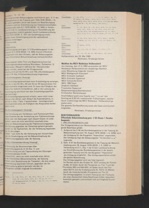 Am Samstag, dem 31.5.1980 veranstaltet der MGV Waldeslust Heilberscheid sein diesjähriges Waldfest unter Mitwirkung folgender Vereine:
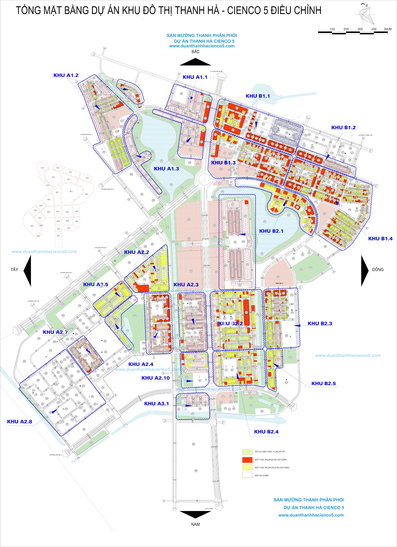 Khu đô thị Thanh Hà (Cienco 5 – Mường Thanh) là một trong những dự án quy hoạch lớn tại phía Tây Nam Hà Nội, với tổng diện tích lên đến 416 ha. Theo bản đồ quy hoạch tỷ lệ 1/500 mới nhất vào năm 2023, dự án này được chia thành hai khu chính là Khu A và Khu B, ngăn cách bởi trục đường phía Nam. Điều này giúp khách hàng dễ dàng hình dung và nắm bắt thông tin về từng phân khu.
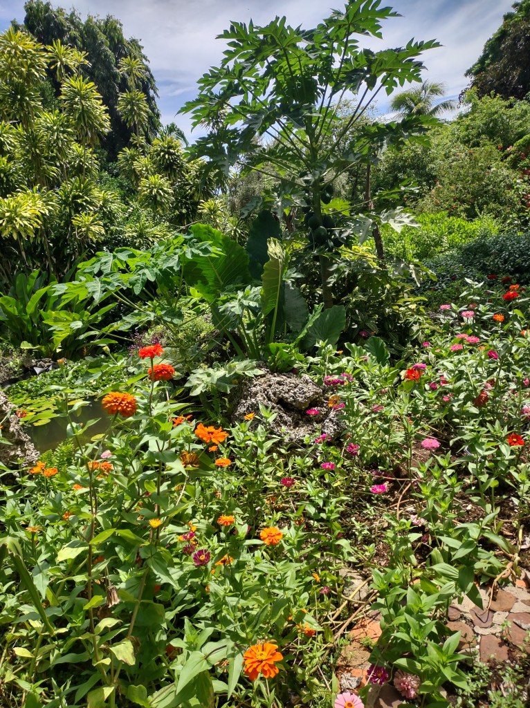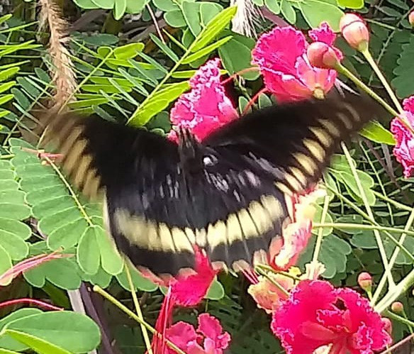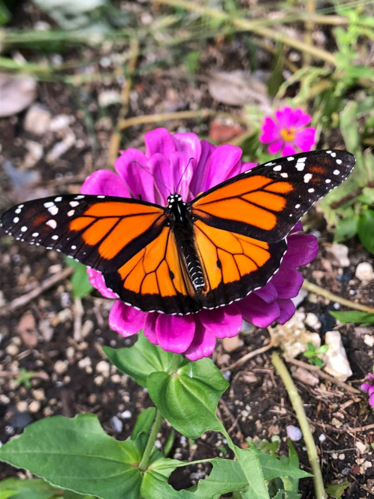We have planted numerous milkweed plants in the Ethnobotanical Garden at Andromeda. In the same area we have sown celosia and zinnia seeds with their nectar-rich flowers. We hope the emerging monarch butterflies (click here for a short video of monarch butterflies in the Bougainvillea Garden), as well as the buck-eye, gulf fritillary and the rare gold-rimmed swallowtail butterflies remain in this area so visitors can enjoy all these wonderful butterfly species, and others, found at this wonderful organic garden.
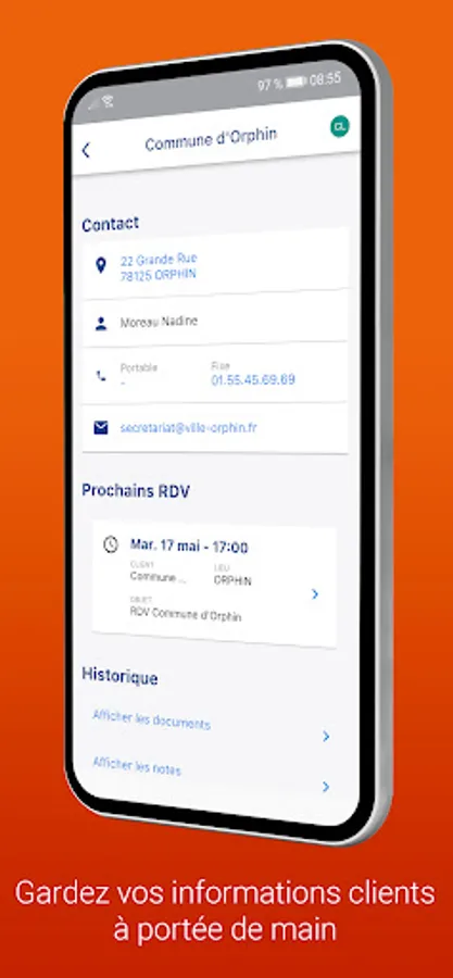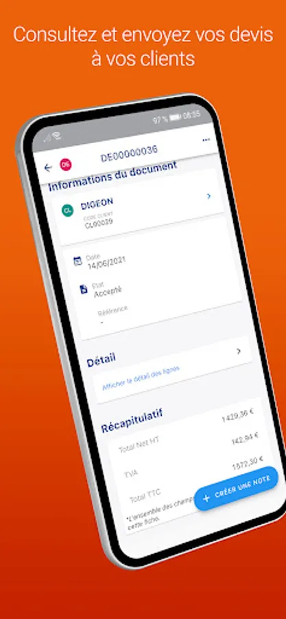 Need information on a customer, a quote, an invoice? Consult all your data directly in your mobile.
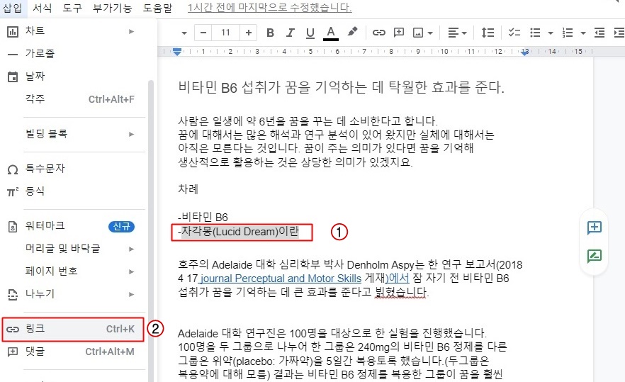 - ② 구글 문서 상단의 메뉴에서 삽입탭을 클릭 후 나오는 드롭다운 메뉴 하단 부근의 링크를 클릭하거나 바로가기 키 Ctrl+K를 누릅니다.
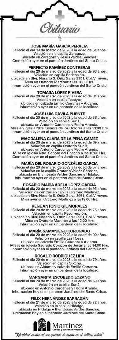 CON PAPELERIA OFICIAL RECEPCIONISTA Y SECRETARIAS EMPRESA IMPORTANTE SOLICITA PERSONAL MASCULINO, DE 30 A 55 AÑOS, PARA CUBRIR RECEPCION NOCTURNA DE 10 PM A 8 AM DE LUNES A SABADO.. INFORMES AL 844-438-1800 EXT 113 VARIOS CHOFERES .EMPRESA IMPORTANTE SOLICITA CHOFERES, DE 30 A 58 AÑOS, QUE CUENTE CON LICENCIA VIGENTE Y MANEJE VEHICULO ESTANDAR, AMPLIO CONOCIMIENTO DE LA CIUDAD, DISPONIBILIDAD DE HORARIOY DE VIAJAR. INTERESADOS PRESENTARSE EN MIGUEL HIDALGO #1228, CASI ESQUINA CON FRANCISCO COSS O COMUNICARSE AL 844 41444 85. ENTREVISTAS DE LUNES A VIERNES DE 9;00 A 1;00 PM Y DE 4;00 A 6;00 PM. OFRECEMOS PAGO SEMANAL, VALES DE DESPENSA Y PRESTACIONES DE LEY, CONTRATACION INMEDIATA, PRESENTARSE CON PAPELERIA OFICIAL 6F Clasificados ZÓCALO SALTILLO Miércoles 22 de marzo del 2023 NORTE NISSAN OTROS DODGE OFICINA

━━━━━━━━━━━━━━━━━━━━━━━━━━━━━━

* Assigned task
Only the lines from the one that holds "- ② 구글 문서 상단의" through the final line of the material should be reproduced, word for word, with the pictures omitted.

* Expected output
 - ② 구글 문서 상단의 메뉴에서 삽입탭을 클릭 후 나오는 드롭다운 메뉴 하단 부근의 링크를 클릭하거나 바로가기 키 Ctrl+K를 누릅니다.
 CON PAPELERIA OFICIAL RECEPCIONISTA Y SECRETARIAS EMPRESA IMPORTANTE SOLICITA PERSONAL MASCULINO, DE 30 A 55 AÑOS, PARA CUBRIR RECEPCION NOCTURNA DE 10 PM A 8 AM DE LUNES A SABADO.. INFORMES AL 844-438-1800 EXT 113 VARIOS CHOFERES .EMPRESA IMPORTANTE SOLICITA CHOFERES, DE 30 A 58 AÑOS, QUE CUENTE CON LICENCIA VIGENTE Y MANEJE VEHICULO ESTANDAR, AMPLIO CONOCIMIENTO DE LA CIUDAD, DISPONIBILIDAD DE HORARIOY DE VIAJAR. INTERESADOS PRESENTARSE EN MIGUEL HIDALGO #1228, CASI ESQUINA CON FRANCISCO COSS O COMUNICARSE AL 844 41444 85. ENTREVISTAS DE LUNES A VIERNES DE 9;00 A 1;00 PM Y DE 4;00 A 6;00 PM. OFRECEMOS PAGO SEMANAL, VALES DE DESPENSA Y PRESTACIONES DE LEY, CONTRATACION INMEDIATA, PRESENTARSE CON PAPELERIA OFICIAL 6F Clasificados ZÓCALO SALTILLO Miércoles 22 de marzo del 2023 NORTE NISSAN OTROS DODGE OFICINA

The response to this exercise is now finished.